**Instructions to follow**. Please reproduce exactly, and only, the lines from the one with "Magenta three quarter" through the last line of the listing below, both ends included, leaving out the pictures.

**Data shown**.
=== Section Start ===

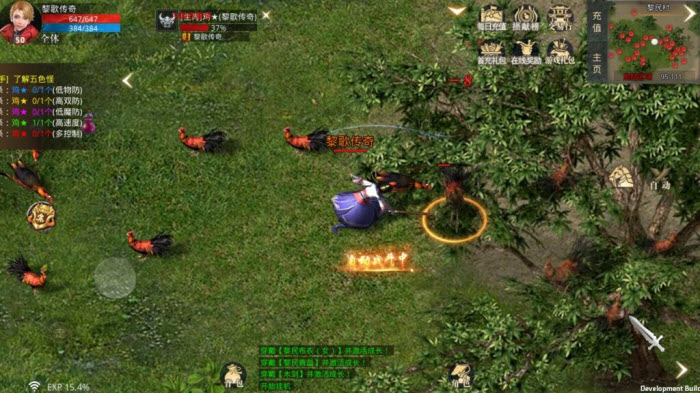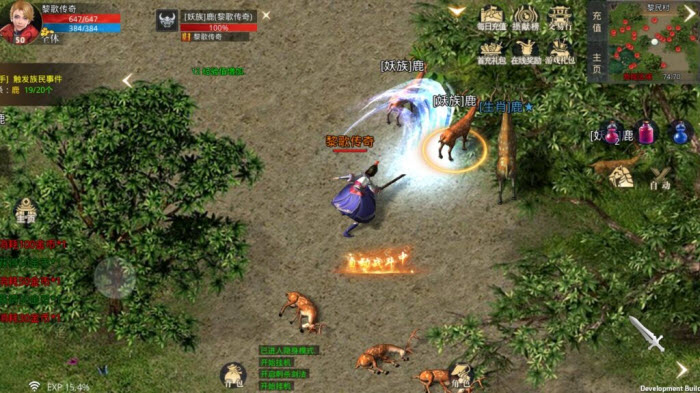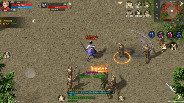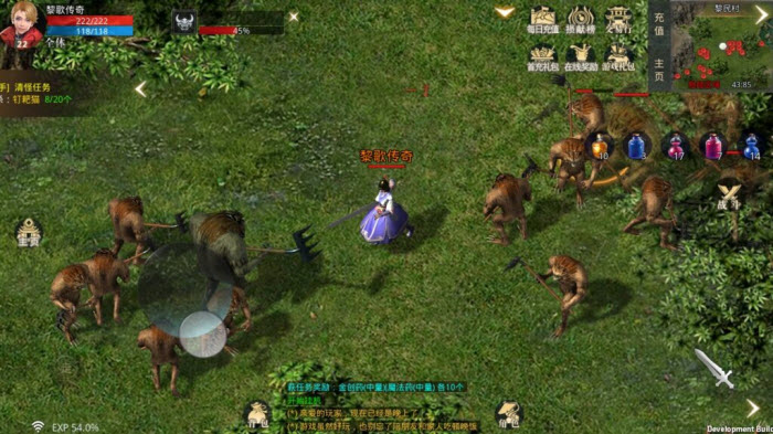 任务二:认识五色怪。同一种外形的怪物有蓝、紫、黄、绿、红这五个主要颜色,除此之外还有一个隐藏的黑色。五色怪和玩家的职业存在相生相克的关系:战士攻击蓝色怪、法师攻击紫色怪、道士攻击黄色怪时会获得攻击加成;红色怪的恢复能力较强,绿色怪的移动速度较快,黑色怪则是全属性都有提升。这里先对它们做个初步的了解。
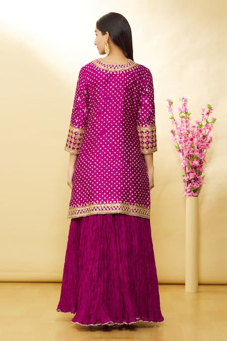 Magenta three quarter sleeve bandhej pattern kurta with gota patti flower embellishments. Paired with crushed lehenga and shaded dupatta.
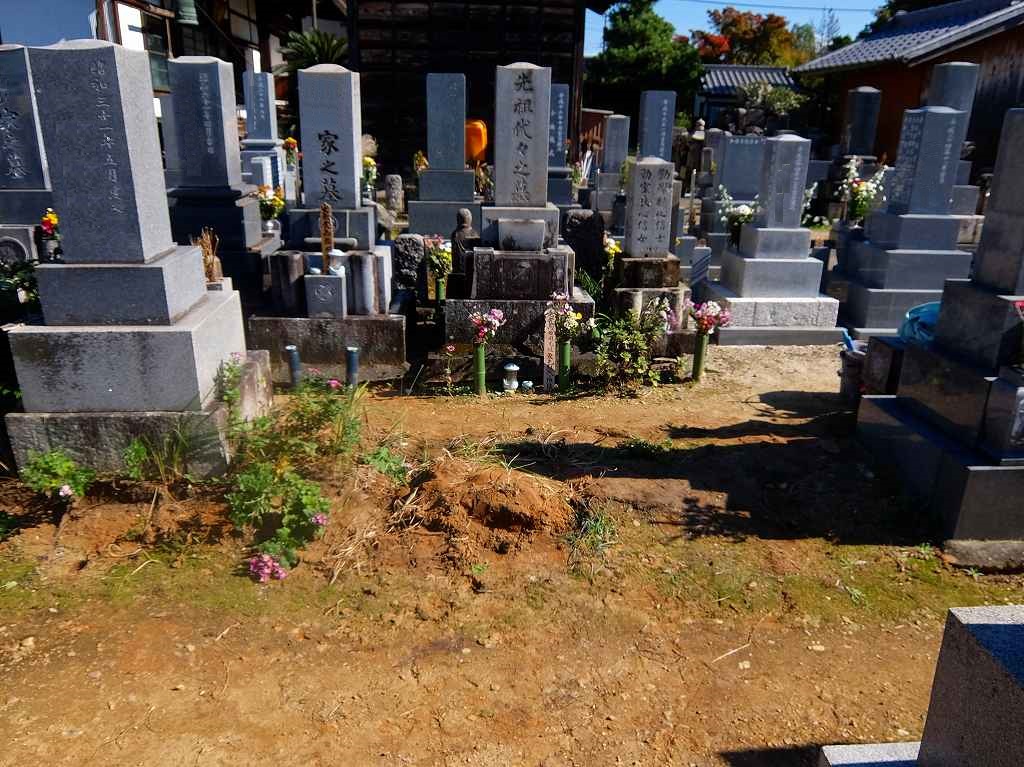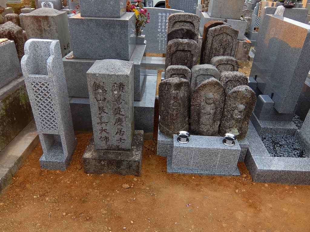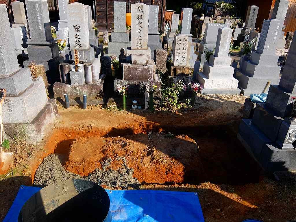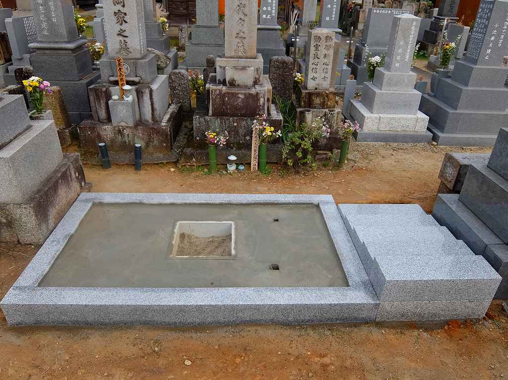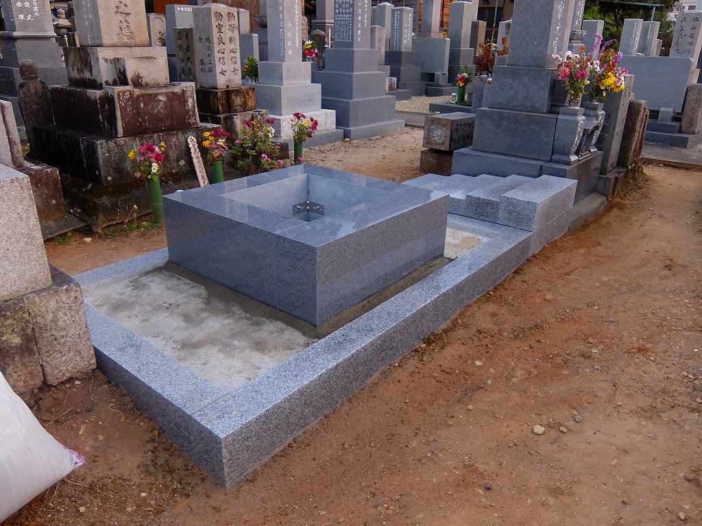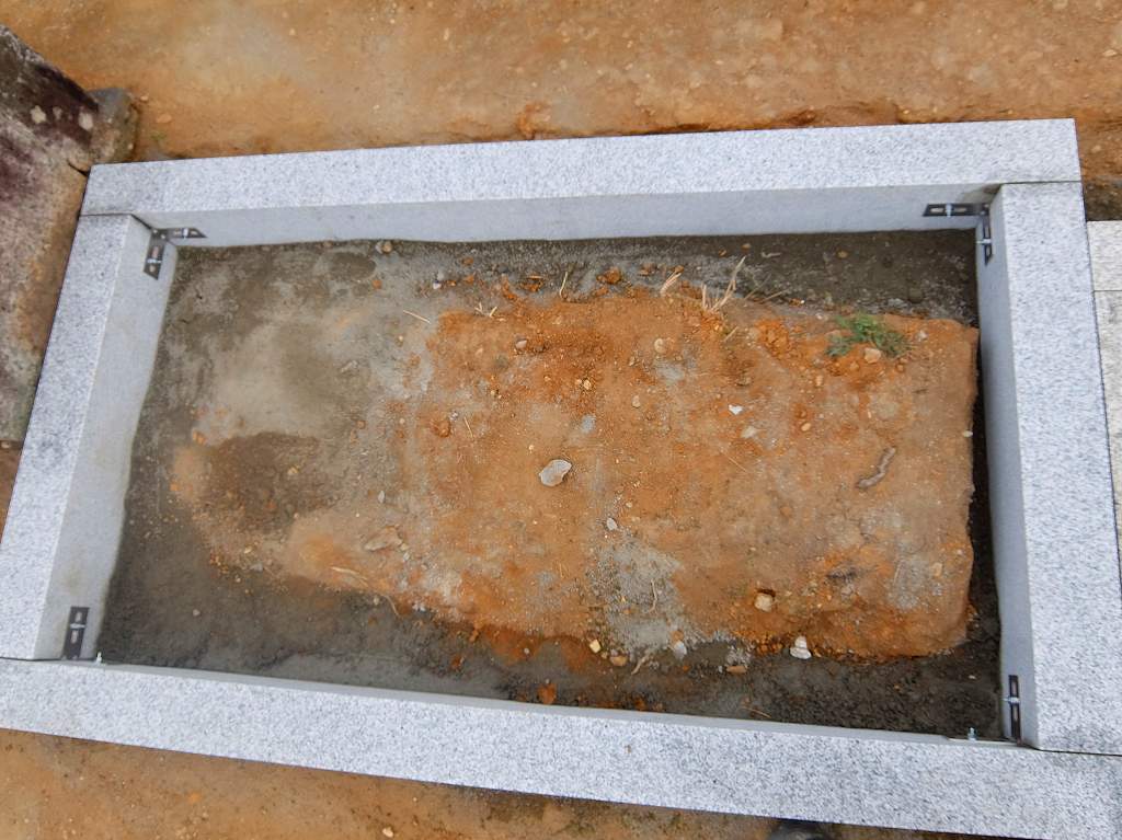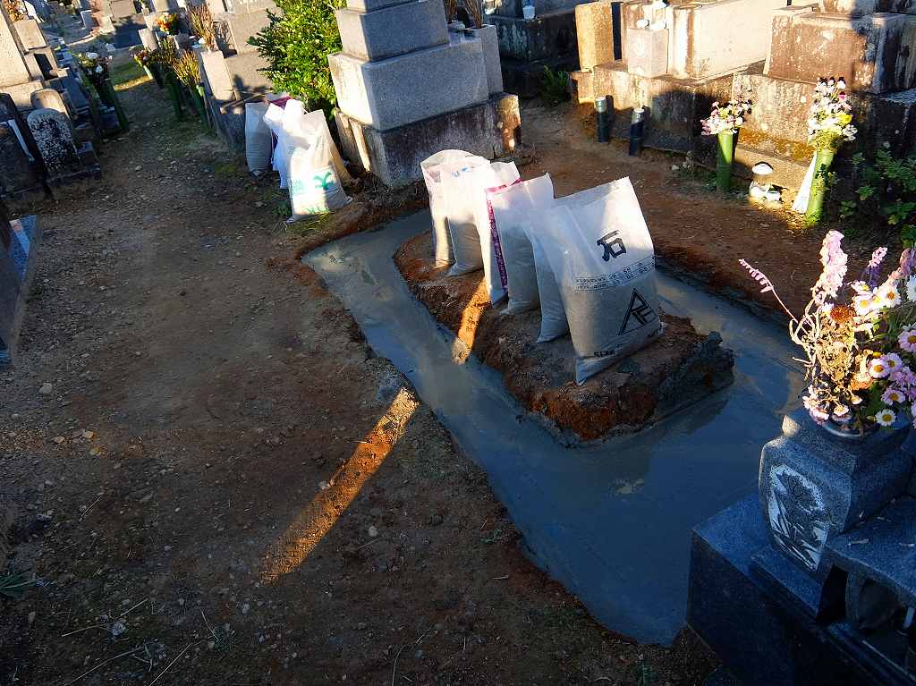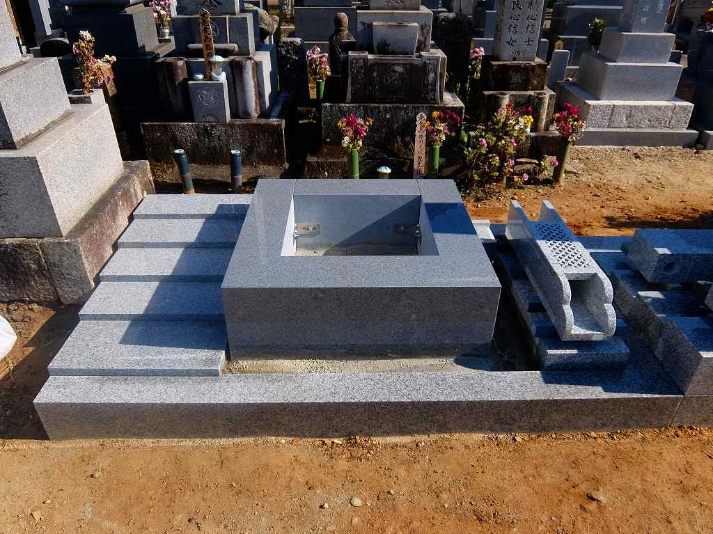 古い墓石を撤去して新たに墓石外画を設置していきます。

=== Section End ===

**Written answer**.
 Magenta three quarter sleeve bandhej pattern kurta with gota patti flower embellishments. Paired with crushed lehenga and shaded dupatta.
 古い墓石を撤去して新たに墓石外画を設置していきます。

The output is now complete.